Why is an emergency savings fund important?

An emergency savings fund can help better prepare you for a sudden unforeseen expense or loss of income. It’s a safety net to help when a financial crisis occurs. This might include an expensive home or auto repair, a sudden illness, unemployment, or a family emergency. Being well-prepared with adequate emergency savings can help reduce the impact of a stressful financial situation.

How much emergency savings do I need?

Now that you have a better understanding of why you might need an emergency fund, let’s talk about how much you should save. Your goal for emergency fund savings depends a lot on your income and spending. There’s no one size fits all approach to emergency funds. Most experts suggest an emergency fund should have at least three to six months of living expenses. This would include everything you might need to pay for over a three-month or six-month period if you had no income. Expenses such as mortgage or rent, utilities, food, debt and loan payments, insurance payments, educational expenses, transportation, and other monthly personal expenses and activities.

The more you earn, the more you should stash away. If you have a family to support, take that into consideration when determining your savings goal. If you can expand your emergency savings beyond six months of expenses, you’ll be even better prepared. This is a good idea if you’re in an industry where layoffs are common, or you don’t have a steady income. You should also aim for a higher amount if you or someone in your household has a chronic illness that may require extra medical care or more frequent medical visits.

Here are 3 easy steps to building an emergency fund

  1. Determine your emergency fund financial goal. Adjust your goal if your situation changes.
  2. Decide on the amount you can save each month as determined by your budget.
  3. Open and set up automatic payments into a dedicated emergency fund savings account each month.

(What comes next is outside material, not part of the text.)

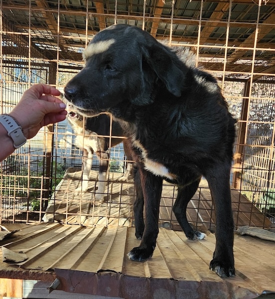 AJAN sitzt mittlerweile alleine im Kennel und begegnete uns ruhig und besonnen. Dankbar und ohne jegliche Hektik nahm er die angebotenen Leckerchen an. Die Streicheleinheiten genoss AJAN sichtlich.

Once you’ve hit your emergency fund savings goal, you can stop saving and feel secure in the fact that you have that emergency safety net on hand when the unexpected occurs. Use it only for emergencies, not for a tropical vacation, or to buy that new TV you’ve been eyeing. Open a different savings account for those expenses, such as a Benchmark Vacation Savings Account.  Central to a successful and sustained emergency fund is replenishing your account If you’ve dipped into it. If you’ve had an unexpected and expensive home repair that put a dent in your fund, you need to work on replacing the money to get the account up back up to your goal amount. This is an important part of staying protected.

Ready. Set. Start saving for an emergency now! 

According to a news report by CBS, fewer than 4 in 10 Americans have enough money set aside to cover even an unexpected $1,000 expense, such as a trip to the ER or a car repair. Even less have months of expenses saved. Saving for an emergency when you’re on a tight budget or living paycheck to paycheck might seem like an impossibility. Although you may only have a small amount to contribute each month and the task may seem daunting, you will be working towards your goal of security in the event of an emergency. Once you have a dedicated savings plan in place, you will be glad you made your emergency fund a priority.  When life throws you a financial curveball and the unpredictable happens, you will be well prepared.